Ian Moore

Personal information
- Full name: Harry Ian Moore
- Born: 28 February 1941 Sleaford, Lincolnshire, England
- Died: 16 February 2010 (aged 68)
- Batting: Right-handed
- Bowling: Right-arm medium

Domestic team information
- 1973–1974: Minor Counties North
- 1973: Minor Counties
- 1970–1977: Lincolnshire
- 1962–1969: Nottinghamshire
- 1959: Lincolnshire

Career statistics
| Competition | First-class | List A |
| Matches | 177 | 24 |
| Runs scored | 6,765 | 321 |
| Batting average | 25.05 | 16.05 |
| 100s/50s | 7/31 | –/– |
| Top score | 206* | 31 |
| Balls bowled | 230 | 48 |
| Wickets | 5 | 1 |
| Bowling average | 28.80 | 38.00 |
| 5 wickets in innings | – | – |
| 10 wickets in match | – | – |
| Best bowling | 2/37 | 1/4 |
| Catches/stumpings | 107/– | 5/– |
- Source: Cricinfo, 22 October 2011

= Ian Moore (cricketer) =

English cricketer

Harry Ian Moore (28 February 1941 - 16 February 2010) was an English cricketer. Moore was a right-handed batsman who bowled right-arm medium pace. He was born at Sleaford, Lincolnshire.

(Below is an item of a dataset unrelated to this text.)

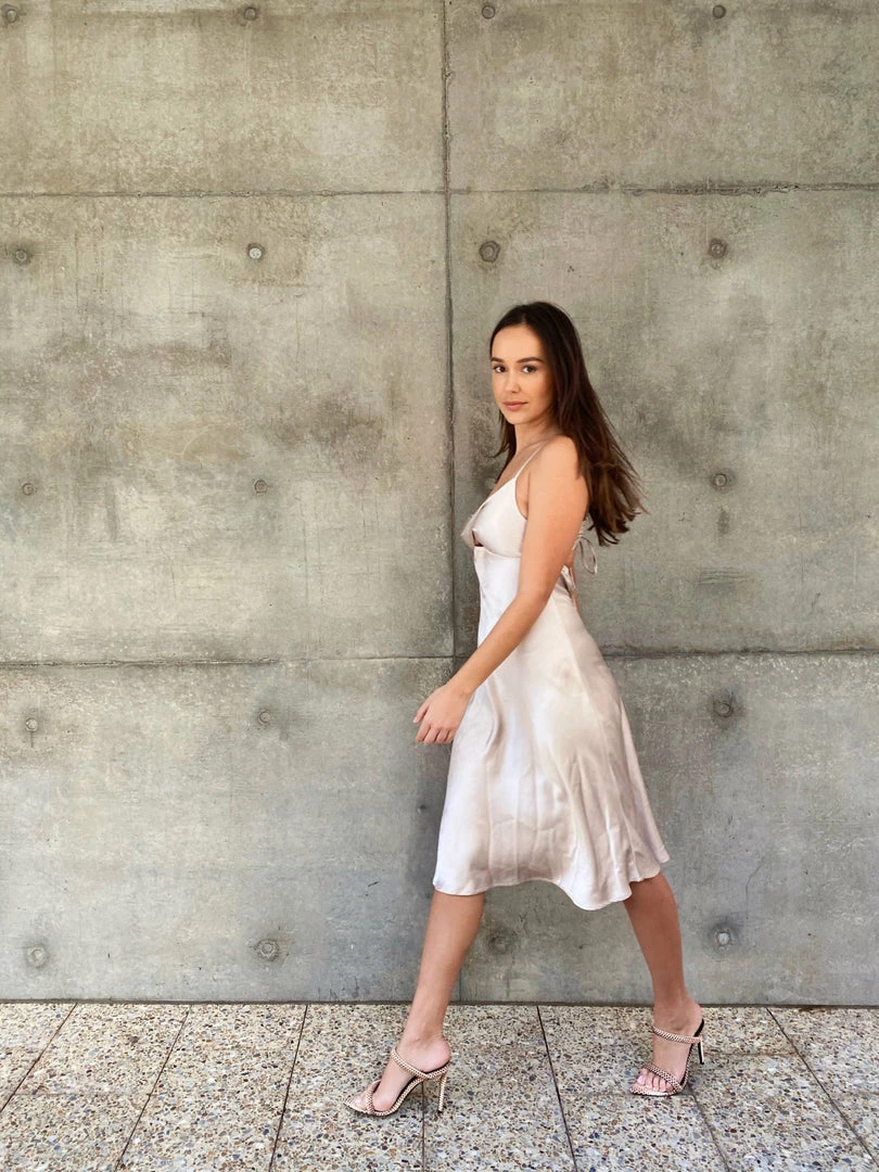 Our Florinda Dress comes in a stunning champagne tone. It features a plunging v neckline, spaghetti straps, cutouts at the sides and back. This stunning midi pairs beautifully with heels for a wonderful look at your next formal event!
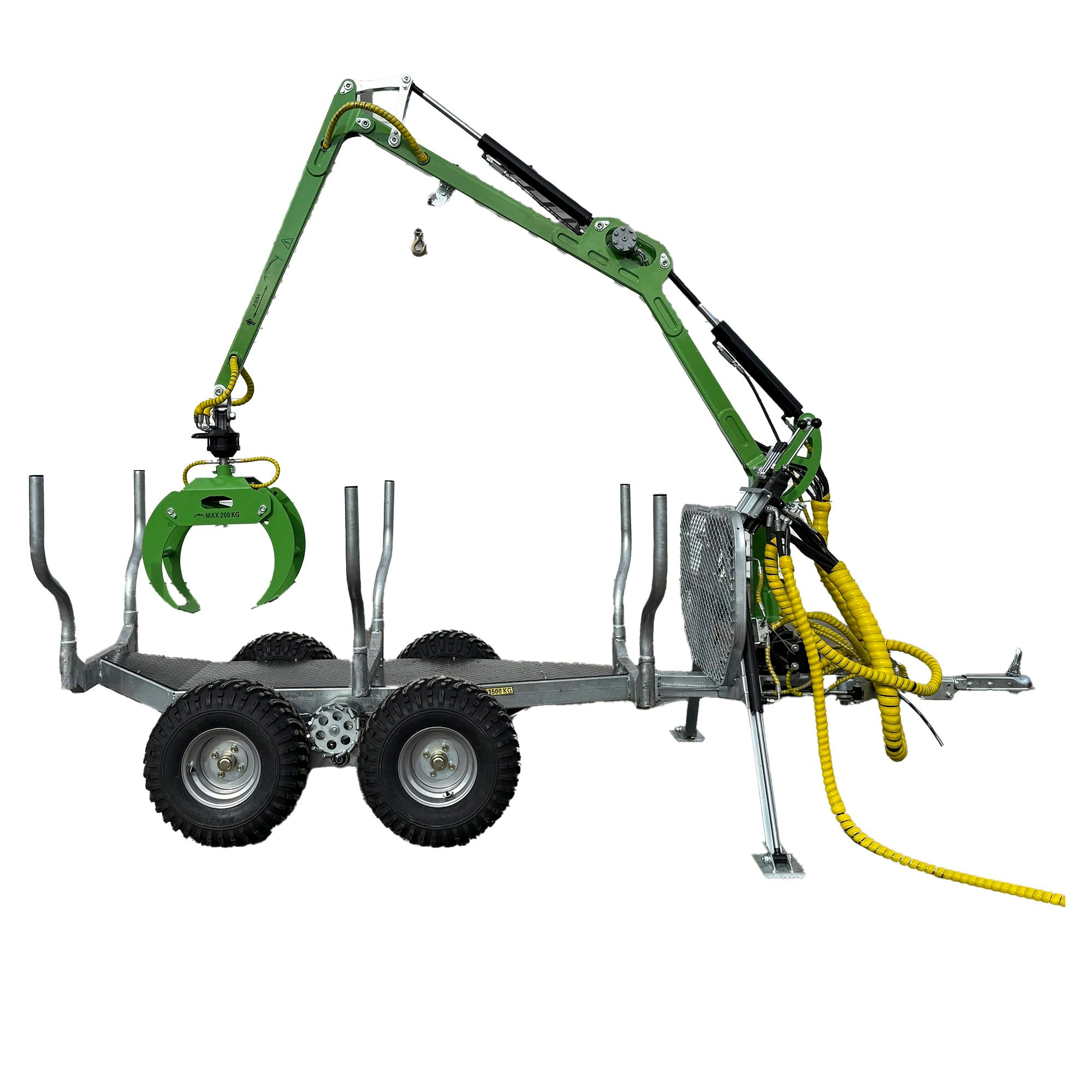 Hydraulinen mönkijän tukkikärry, jolla saat tehostettua puiden käsittelyä, kuljetusta sekä nostoa. Kärryssä on 9 hevosvoiman sähkö- ja vetokäynnisteinen moottori, jossa on säädettävä kierrosnopeus (1400–3800 rpm).

Moore played as a top and middle-order batsman for Nottinghamshire in first-class cricket from 1962 to 1969, and one match for Minor Counties in 1973. He amassed 6,765 runs in his first-class career at an average of 25.05. He passed 1000 runs in a season three times and hit seven centuries and 31 fifties. His highest score was 206 not out against the Indian tourists in 1967, made in 355 minutes.

He was not as successful in limited-overs cricket, although he captained the Lincolnshire side in the 1974 Gillette Cup, when they beat Glamorgan.

Moore began his career wearing glasses while batting, and later was one of the first professional cricketers to adopt contact lenses.